Of course, the US, UK and France have all been proliferating to Israel with impunity – and the US continues to do so even today – and all these states are parties to the Non Proliferation Treaty (NPT) and members of the Nuclear Suppliers’ Group (NSG). Pakistan, on the other hand, is neither a member of the NPT nor of the NSG, so which law did Dr Khan break? Now that our Export Control Laws and NCA Ordinance are in place, the scenario has altered but legally what is Dr Khan being punished for? For making money by selling scientific information? If that be the case then if the NRO can dry clean all our corrupt politicians, why should a national hero – and he truly is – be punished for his human weaknesses?
If the SPD feels Dr Khan’s utterances have damaged the country, why did it keep quiet when some of its own personnel on retirement immediately proceeded to the US and made some highly damaging remarks relating to our nuclear programme? And have revelations made in books by serving leaders been any less damaging? And what about the bizarre revelations by an Indian journalist in his book regarding the late Mohtarma Benazir’s visit to North Korea? Why is the state not pursuing legal action on that count, if as the PPP has claimed, these revelations are false? The big question is whether anyone in power in Pakistan has ever kept their silence in the larger interest of the country, even when they are not being pushed against a wall and abused as Dr Khan has been? The Official Secrets Act is a joke here as far as the ruling elite is concerned.
Finally, questions that continue to haunt in the North Korean context. Why would this country want centrifuges when it adopted the plutonium route for its nuclear weapons programme? Surely it would have been more interested in money for some military hardware?

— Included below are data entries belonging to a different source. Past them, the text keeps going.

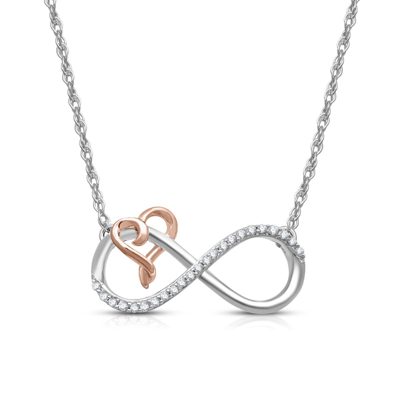 Jewelili Hallmark Fine Jewelry Rose Gold Over Sterling Silver With 1/10 CTTW Natural White Diamonds Little Heart Infinity Pendant Necklace
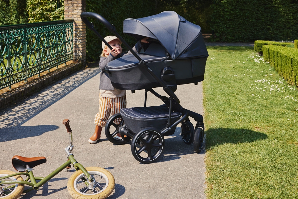 Kočík je pripravený rásť s rodinou – od vaničky či autosedačky až po športové sedenie v smere aj proti smeru jazdy. Možno ho premeniť na duo kočík pre súrodencov či dvojčatá. Konštrukcia sa skladá kompaktne, má výškovo nastaviteľnú rukoväť a uzavretý košík s nosnosťou až 10 kg. Prémiové recyklované tkaniny a koženkové detaily dodávajú kočíku nadčasový vzhľad.
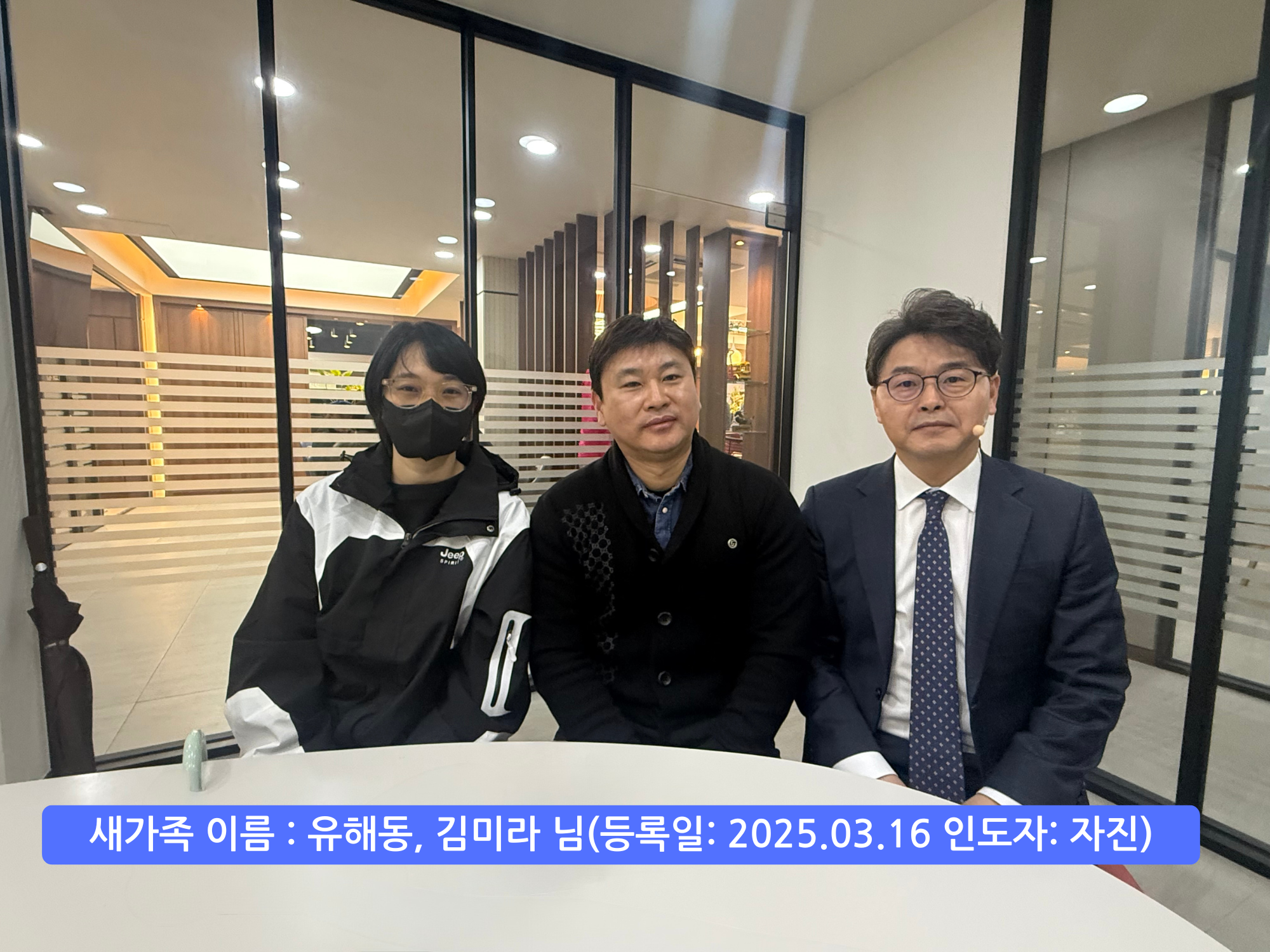 [2025.03.16 등록 새가족] 유해동&김미라 님 작성일25.07.01 10:07 본문 공유 둥록 새가족 :유해동&김미라 님인도자 : 스스로 이전글[2025.03.16 등록 새가족] 정순남 님 25.07.01 다음글[2025.02.02] 새가족교육 수료식 25.07.01
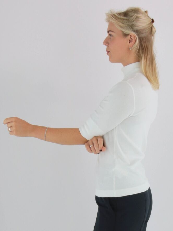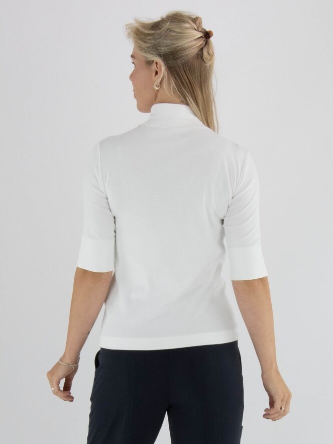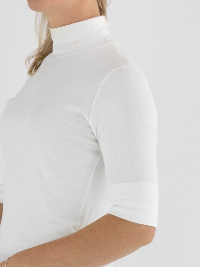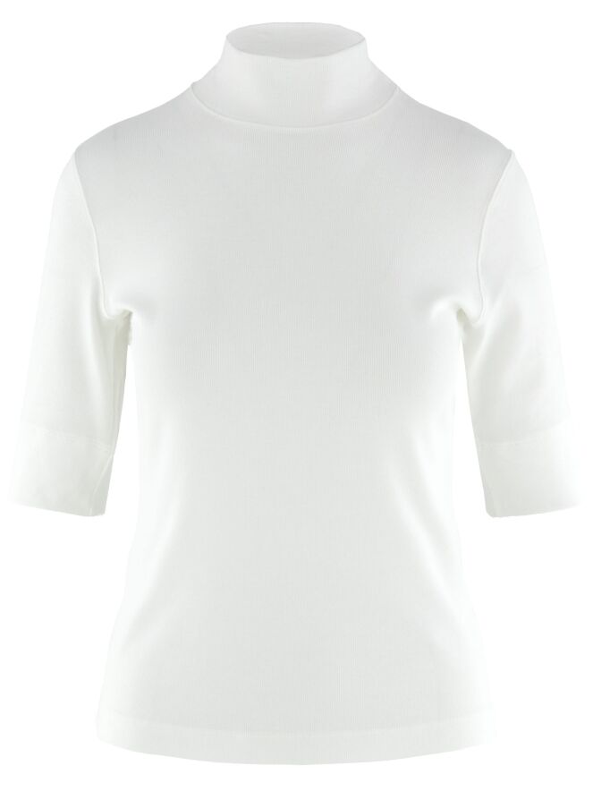 A shirt by Marc Cain in an off-white colour. The fabric is finely ribbed. The shirt features a turtleneck, short sleeves, and can be washed at 30 degrees.
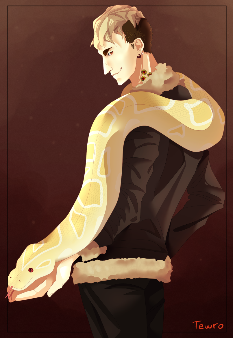 my oc salinger with one of his snakes, jupiter ' v '
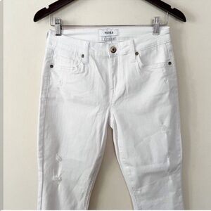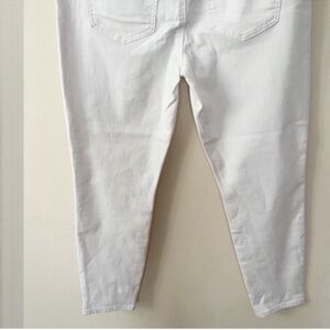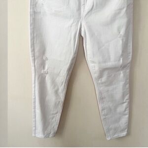 Excellent condition. White jeans. Skinny leg. High rise. Zipper/button closure. Small amount of distressing. Five pocket denim.

Now our government is thinking of making public some information regarding the “Khan proliferation network”. This would be a most stupid and suicidal move – as inane as our earlier self-confessions – as it would harm Pakistan further, aid our detractors, while not undermining the majority of Pakistanis’ belief in Dr Khan as a hero. But then so far the state has never shown much wisdom in terms of safeguarding its national interests. Nothing has changed in that direction to date.